Configure the sitemap generation refresh threshold
To avoid excessive sitemap regenaration during frequent publishing operations, the refresh threshold sets the minimum interval between rebuilds. This helps manage server load and prevents the sitemap from being regenerated too often.
To change the refresh threshold:
-
In the Sitemap configuration page, click the arrows to specify a time in minutes.
When a sitemap is generated, it won't be regenerated until the time you specified has elapsed.
Create an index for the sitemap
A sitemap index file is a special type of sitemap that lists multiple sitemaps. This is particularly useful for large websites that need to split their content into multiple sitemaps due to size or URL limits. The sitemap index file helps search engines find and crawl all the individual sitemaps efficiently.
In Sites, you can specify the maximum number of pages to be included in a sitemap. If the number of pages on the site exceeds the limit, then the URL entries are divided into multiple sitemaps, and a sitemap index is generated that links to these sitemaps. This limit is set to 50,000 pages by default.

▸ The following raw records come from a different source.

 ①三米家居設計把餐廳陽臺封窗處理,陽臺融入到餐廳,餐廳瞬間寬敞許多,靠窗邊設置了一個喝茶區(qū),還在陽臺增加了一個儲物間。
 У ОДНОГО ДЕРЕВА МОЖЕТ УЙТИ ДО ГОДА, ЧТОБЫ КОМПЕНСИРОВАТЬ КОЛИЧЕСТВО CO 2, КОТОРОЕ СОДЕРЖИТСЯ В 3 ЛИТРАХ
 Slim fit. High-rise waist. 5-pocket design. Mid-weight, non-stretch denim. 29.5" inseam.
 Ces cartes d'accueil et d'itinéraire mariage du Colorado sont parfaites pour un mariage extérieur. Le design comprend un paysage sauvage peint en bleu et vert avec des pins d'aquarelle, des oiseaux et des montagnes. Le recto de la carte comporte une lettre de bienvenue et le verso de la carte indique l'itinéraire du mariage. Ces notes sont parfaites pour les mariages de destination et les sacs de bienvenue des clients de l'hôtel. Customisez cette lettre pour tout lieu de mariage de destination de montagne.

To specify the maximum number of pages that you want included in a single sitemap:
-
In the Sitemap configuration page, click the arrows to specify the maximum number of pages allowed in a single sitemap.
If you leave the field undefined, all URL entries are rendered into a single sitemap.

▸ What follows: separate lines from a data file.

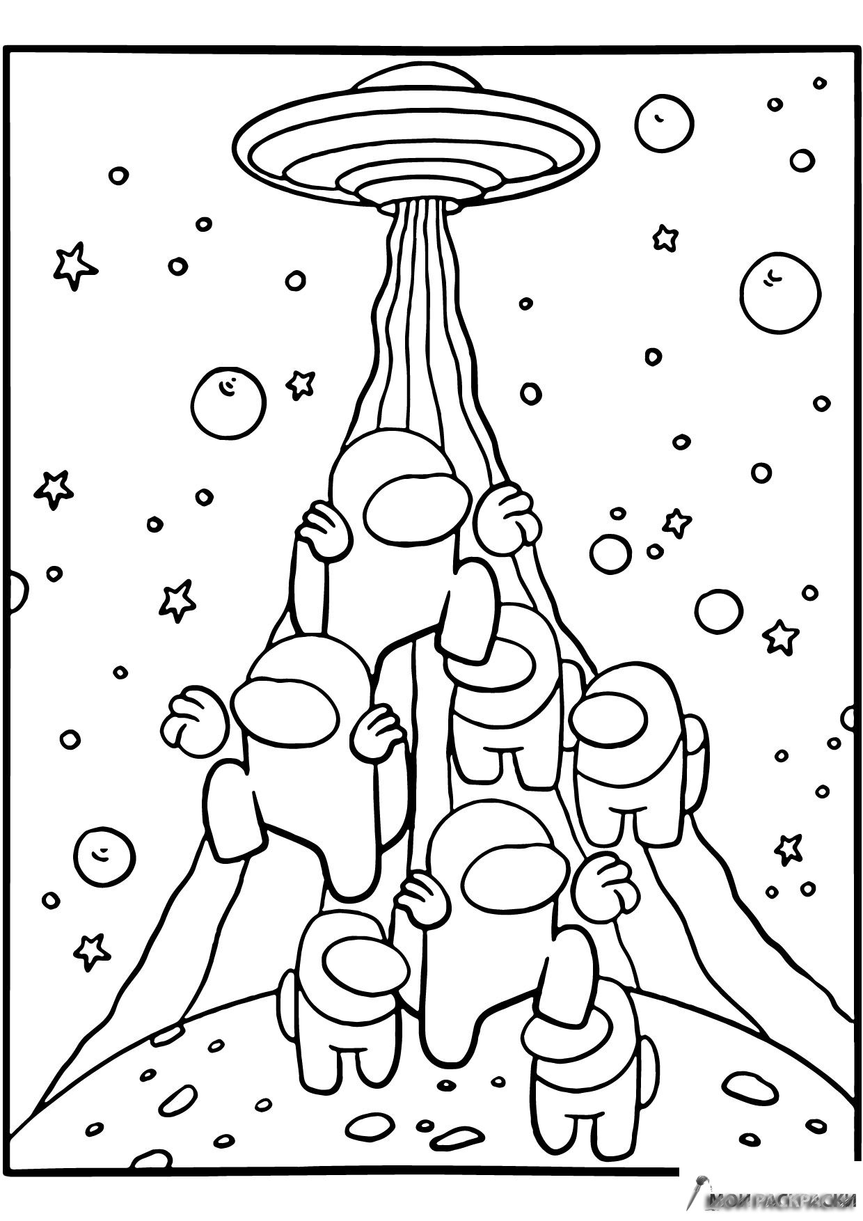 Раскраска Амонг Ас членов экипажа забирает НЛО
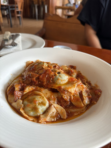 Pastas: Salsiccia e Funghi had nice minced pork sausage / Boscaiola ricotta and spinach ravioli with bacon and mushrooms was very hearty.
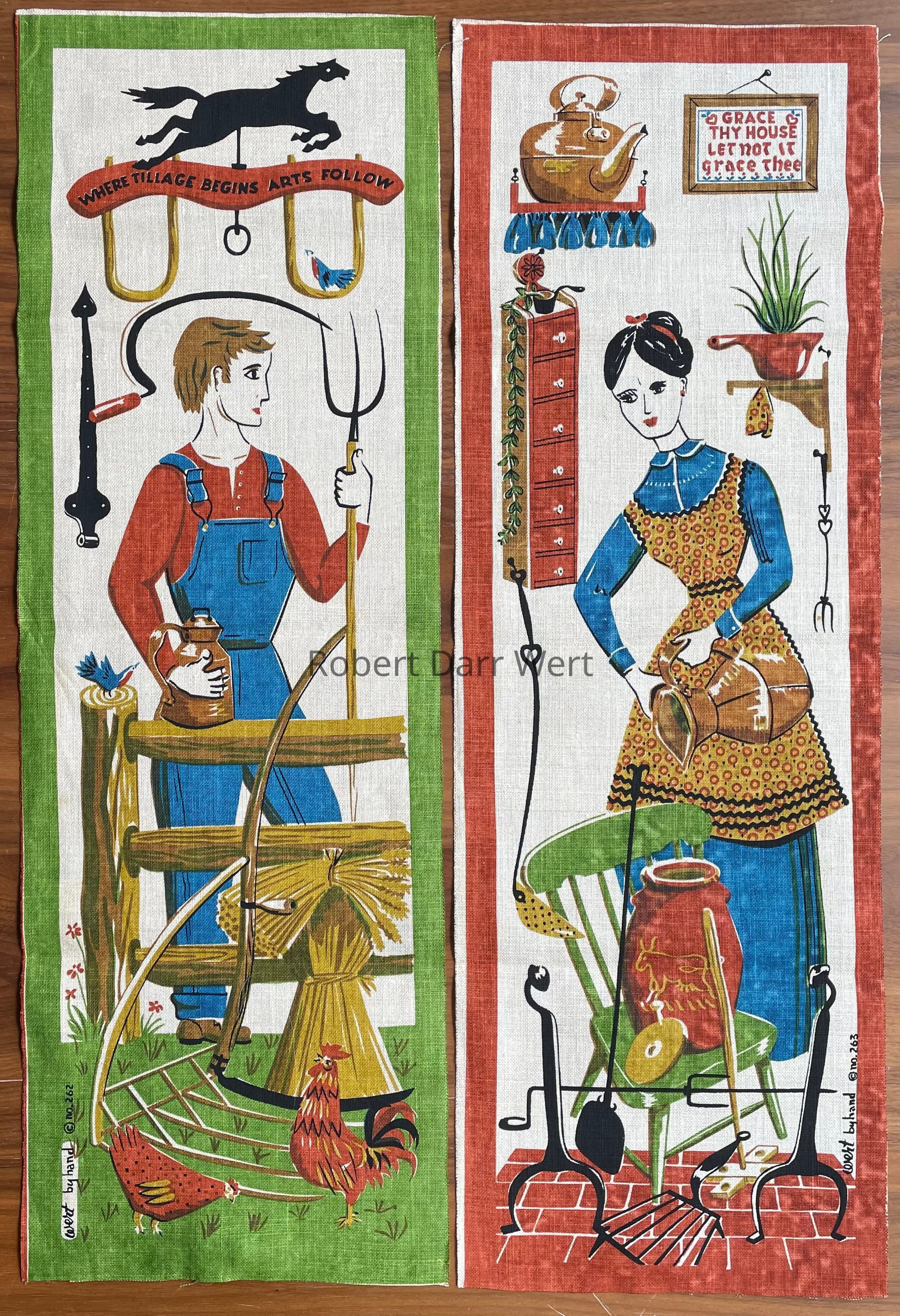 Strike-offs of two wallhangings with five-color silkscreen prints on white linen. These designs were produced as wallhangings and framed prints.Made/Created

Disable the building of sitemaps
By default, the sitemap is generated for the whole site and stored in a file. Some of your sites do not need a sitemap, for example, sites that are on staging environments, or shared sites that are not meant to ever go live, as such.
To disable building sitemaps:
-
In Channels, click the Options menu
> Settings on the tile of the site you want to manage. -
In the left-hand pane, click Sitemap configuration.
-
Turn off the Generate sitemap switch.
Exclude a page from the sitemap
By default, pages that are excluded from publication by site publication restrictions or approval workflows are not included in the sitemap.
However, you might want to exclude additional pages from the sitemap that have been approved and published, for example, the error 404 page. You can exclude a specific page using the Content Editor.